Typically. SBE would undertake to re-market the bought-back
lots to new consumers. PX 471; PX 636; PX 637; PX 638;
cf. PX 816 ¶ 14.
In
2016, a group of 200 dissatisfied consumers known as the
Independent Owners of Sanctuary Belize ("IOSB")
sued SBE in Belize.[7] PX 202 ¶ 46-54, Atts. 17, 31. Since
then, dissatisfied owners have filed at least seven actions
in California state courts, in general alleging that various
SBE entities defrauded them into purchasing lots, luring them
on the basis of one or more of the Core Claims. Since
SBE's Lot Sale Agreements contain forum selection clauses
that require litigation, if any, to take place in Belize,
some California courts have dismissed the consumer actions
without prejudice at the pleading stage based on those
clauses.[8] Other cases in California courts
apparently settled before the SBE entities could file motions
to dismiss based on the choice of forum
clauses.[9] As of this writing, motions to dismiss in
California courts based on the choice of forum clauses are
pending in two remaining actions.[10]
II.
Personal Jurisdiction over Luke Chadwick
Except
for the Motion to Dismiss filed by Luke Chadwick, the motions
to dismiss of all other parties have been
denied.[11] Only Chadwick's Motion to Dismiss,
partially on the basis of lack of personal jurisdiction,
remains. ECF No. 475. Chadwick and the FTC have jointly
requested a hearing on his Motion, but the Court decides the
personal jurisdiction issue now on the papers without a
hearing.[12]
Personal
jurisdiction over a defendant may be general or specific.

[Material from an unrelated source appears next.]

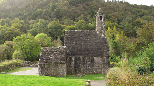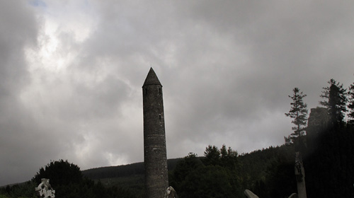 グレンダーロッホは7世紀から12世紀に栄えた初期キリスト教の聖者ケビンによって修道院として建てられました。ヨーロッパ混乱のこの時期にアイルランドだけは平和が続きました。宗教や文芸に対して高い能力を持つケルト人達は修道院を中心に何世紀にもわたって創造的な活動をしました。ケルト人の文化であるラ・ティーヌ様式はさらに発展し、ケルズの書やアーダの聖餐杯、タラのブローチなどケルト文化の秀作を数多く生みだしたのもこの時期です。またケルト人聖職者達はキリスト教やケルトの文化に対しても多くの研究を行い素晴らしい成果を書き残しました。この活動は国外においても行われ、アイルランドは「聖者と学者の島」と呼ばれ多くの聖職者を集める聖地になりました。

General personal jurisdiction can be exercised when a
defendant has "continuous and systematic general
business contacts" with a forum state. See
Helicopteros Nacionales de Colombia, S.A. v. Hall, 466
U.S. 408, 416 (1984). In that event, the defendant's
contacts must be "so constant and pervasive as to render
it essentially at home in the forum state." Daimler
AG v. Bauman, 571 U.S. 117. 122 (2014) (citations
omitted). The place of incorporation and the location of a
corporation's principal place of business are
paradigmatic examples of contacts sufficient to support
general personal jurisdiction in a given forum. Id.
at 137 (citations omitted).
Specific
jurisdiction may be exercised over a defendant where
"the suit arises out of or relates to the
defendant's contacts with the forum." Id.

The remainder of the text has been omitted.